The Key Factor Leading to the Breakdown of Relationships
How people communicate with each other is very important and can increase or decrease people's life satisfaction. When unresolved issues remain in these relationships, it often leads to tension, unhappiness, and discord. It's fascinating to see how people deal with these murky connections. Sometimes, instead of directly dealing with problems and solving them, people decide to justify them, and as a result, they cause discomfort and annoyance to the people they are in contact with. These reactions are rooted in emotions, fears, and learned responses and influence people's behaviour in difficult situations. Understanding these underlying reasons sheds light on why people tend to justify problems instead of actively solving them. This tendency to justify can be explained by several convincing reasons:
1-Fear of consequences:
The first step to solving a problem is to accept it, and accepting a problem often requires being prepared to face consequences personally, professionally, and socially. Sometimes people are afraid of facing the consequences of their behavior. This fear, which is caused by the possible consequences or the need for an important change, leads people to justify the issue and avoid solving it, which is called the trap of defectiveness and shame. This trap is often rooted in childhood experiences where the parent's response to the child's mistakes was to reject or punish the child, which underlies these defence mechanisms. Children in this situation learn that admitting a fault or mistake has painful consequences such as humiliation or punishment. As a result, this defence mechanism continues into adulthood and forces people to come up with excuses to escape from shame and torment instead of facing and solving problems.

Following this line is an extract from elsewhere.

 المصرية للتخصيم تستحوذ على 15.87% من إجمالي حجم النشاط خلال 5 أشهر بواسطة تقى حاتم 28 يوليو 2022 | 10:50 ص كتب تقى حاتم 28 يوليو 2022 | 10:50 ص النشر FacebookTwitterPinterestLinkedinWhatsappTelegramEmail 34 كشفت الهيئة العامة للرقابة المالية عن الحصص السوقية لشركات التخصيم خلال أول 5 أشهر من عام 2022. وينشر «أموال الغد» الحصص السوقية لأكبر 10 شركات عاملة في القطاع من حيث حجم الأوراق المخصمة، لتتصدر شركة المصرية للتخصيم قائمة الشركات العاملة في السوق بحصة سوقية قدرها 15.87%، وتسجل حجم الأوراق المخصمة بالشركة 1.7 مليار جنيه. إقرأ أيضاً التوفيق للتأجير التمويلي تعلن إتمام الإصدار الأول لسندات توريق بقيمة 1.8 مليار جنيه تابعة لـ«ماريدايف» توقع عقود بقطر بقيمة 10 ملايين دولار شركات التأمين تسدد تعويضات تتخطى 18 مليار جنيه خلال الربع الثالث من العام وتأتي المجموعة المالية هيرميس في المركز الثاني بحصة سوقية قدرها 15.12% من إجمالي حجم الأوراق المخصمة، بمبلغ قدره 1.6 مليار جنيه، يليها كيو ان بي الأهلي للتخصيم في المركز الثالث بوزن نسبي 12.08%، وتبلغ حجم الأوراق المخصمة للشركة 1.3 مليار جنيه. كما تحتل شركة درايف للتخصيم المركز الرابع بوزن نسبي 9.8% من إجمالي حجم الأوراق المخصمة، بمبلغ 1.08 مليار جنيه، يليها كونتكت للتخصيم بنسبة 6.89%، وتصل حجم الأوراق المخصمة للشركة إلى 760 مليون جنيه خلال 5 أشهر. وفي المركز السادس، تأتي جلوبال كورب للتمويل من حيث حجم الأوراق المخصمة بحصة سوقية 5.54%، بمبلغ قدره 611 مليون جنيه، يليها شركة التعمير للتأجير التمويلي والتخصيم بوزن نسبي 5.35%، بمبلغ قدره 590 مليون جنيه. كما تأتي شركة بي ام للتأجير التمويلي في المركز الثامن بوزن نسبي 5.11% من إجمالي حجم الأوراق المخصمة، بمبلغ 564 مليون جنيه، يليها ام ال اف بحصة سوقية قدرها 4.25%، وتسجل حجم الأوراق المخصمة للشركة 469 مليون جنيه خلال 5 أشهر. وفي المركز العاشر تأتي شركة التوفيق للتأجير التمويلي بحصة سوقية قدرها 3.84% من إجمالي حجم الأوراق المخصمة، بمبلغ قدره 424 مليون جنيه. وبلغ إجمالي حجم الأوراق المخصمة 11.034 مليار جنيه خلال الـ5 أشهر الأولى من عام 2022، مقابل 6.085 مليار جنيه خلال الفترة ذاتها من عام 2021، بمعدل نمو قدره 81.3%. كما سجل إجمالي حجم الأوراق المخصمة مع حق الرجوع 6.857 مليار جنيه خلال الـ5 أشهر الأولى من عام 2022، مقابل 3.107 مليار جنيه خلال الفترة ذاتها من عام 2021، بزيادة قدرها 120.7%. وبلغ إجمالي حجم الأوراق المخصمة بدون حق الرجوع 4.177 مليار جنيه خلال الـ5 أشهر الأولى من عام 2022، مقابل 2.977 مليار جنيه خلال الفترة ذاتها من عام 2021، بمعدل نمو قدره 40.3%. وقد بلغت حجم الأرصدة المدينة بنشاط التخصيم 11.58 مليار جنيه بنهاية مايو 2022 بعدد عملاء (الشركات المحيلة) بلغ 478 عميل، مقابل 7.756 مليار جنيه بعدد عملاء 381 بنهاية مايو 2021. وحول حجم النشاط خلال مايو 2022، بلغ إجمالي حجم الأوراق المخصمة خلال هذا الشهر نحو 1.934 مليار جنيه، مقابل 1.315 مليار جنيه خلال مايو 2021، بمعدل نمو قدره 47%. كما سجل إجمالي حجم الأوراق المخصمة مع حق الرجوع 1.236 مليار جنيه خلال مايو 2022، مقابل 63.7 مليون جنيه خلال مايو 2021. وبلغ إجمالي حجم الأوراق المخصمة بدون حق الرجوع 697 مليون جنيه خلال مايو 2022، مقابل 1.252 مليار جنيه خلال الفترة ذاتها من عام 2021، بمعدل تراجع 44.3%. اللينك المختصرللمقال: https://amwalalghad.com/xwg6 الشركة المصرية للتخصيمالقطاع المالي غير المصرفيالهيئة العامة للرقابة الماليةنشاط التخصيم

2-Lack of self-confidence:
Acceptance becomes difficult when people lose their confidence in their ability to cope or solve a problem. Self-doubt usually manifests as an unwillingness to admit there is a problem, resulting in a flurry of justifications or excuses. People with low self-esteem believe that admitting a mistake means showing their inadequacy to others. Since this feeling is very painful for people, they try to escape from this situation by not accepting and justifying their mistakes.
3- Not having problem-solving skills:
When some people are faced with a problem, are not afraid to face the consequences, but they have the same reaction because they do not have problem-solving skills. These people are of two categories. The first group feels unprepared to solve it, rather than directly addressing it, they tend to explain or justify it. It's a way to create a temporary shield against a problem, buy yourself time to develop the necessary skills or gather the resources you need to solve it effectively. It's like a stalling or delaying tactic until they feel more capable of taking on the challenge. The second category is people who accept the problem and apologize, but due to their lack of problem-solving skills, they consider justification and explanation as the right way to compensate. Unfortunately, in both groups, relationship problems are not solved, and the relationship breaks down.
Understanding these reasons isn't just a scientific task; it's a crucial guide through the maze of human communication. When we unravel these complexities, we grasp why we often opt for justifying rather than resolving issues. This insight is key to preventing relationship decay, especially in emotional ties. Moreover, tackling issues directly, despite their discomfort, lays the groundwork for healthier connections. This approach demands courage, humility, and a readiness to confront discomfort. It's a transformative journey that not only fortifies relationships but also fosters personal growth. By confronting challenges, we open paths to genuine communication, deeper comprehension, and enduring emotional strength in our relationships.